The use of the three phase method in OS radiance simulations means annual simulations do not take much longer than single day simulations. However, they do generate much more data. Given that, is it worthwhile to support shorter run periods just to save on disk space?

macumber's avatar macumber  ( 2015-02-15 11:44:45 -0600 )edit

How much disc space do I need to run those models in Radiance? I have 8Gb RAM and as I tracked it, Radiance didn't exceed it. Win7x64

Dinosaver's avatar Dinosaver  ( 2015-02-15 12:05:31 -0600 )edit

Also, if you are interested we will be starting beta-testing for OS 1.7.0 in the next few weeks. There are some significant improvements to the radiance simulation capabilities and stability coming in 1.7.0. If you are interested, sign up for the developer mailing list to get news about beta-testing.

macumber's avatar macumber  ( 2015-02-15 12:13:43 -0600 )edit

Thank you for the invitation, I'll think about that.

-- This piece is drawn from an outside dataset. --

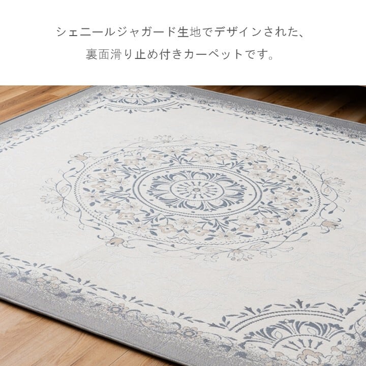シェ二ールジャガード生地でデザインされた、裏面滑り止め付きカーペットです。
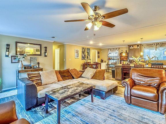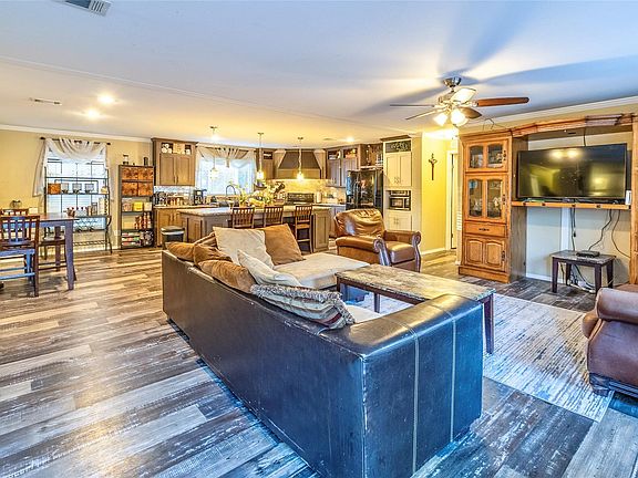 2018 Clayton Home with 4 bedrooms and 2 bathrooms. This home is a cook's dream with an open concept living space showcasing the kitchen's large island with seating. Granite countertops, a large, farm sink and a double door refrigerator that conveys are highlighted features as well. The primary bathroom does not disappoint with a double sink vanity, garden tub, and separate double-entry shower with bench. This home sits on a 1.42 acre corner lot surrounded by pines. The property also has a two-garage door storage building that could be used for a workshop and a 916 sqft 2-bedroom farmhouse that is waiting for the right owner to restore it.

I really appreciate what you guys 're doing, but my first need now is integrate energy modelling into our entire process. I'm tired from receiving glazed south facades and whatever... :) I used to use commercial software but now I need smthg intuitive, reliable and impressive (and free :)) to show my architects that it is not so hard to think before doing :)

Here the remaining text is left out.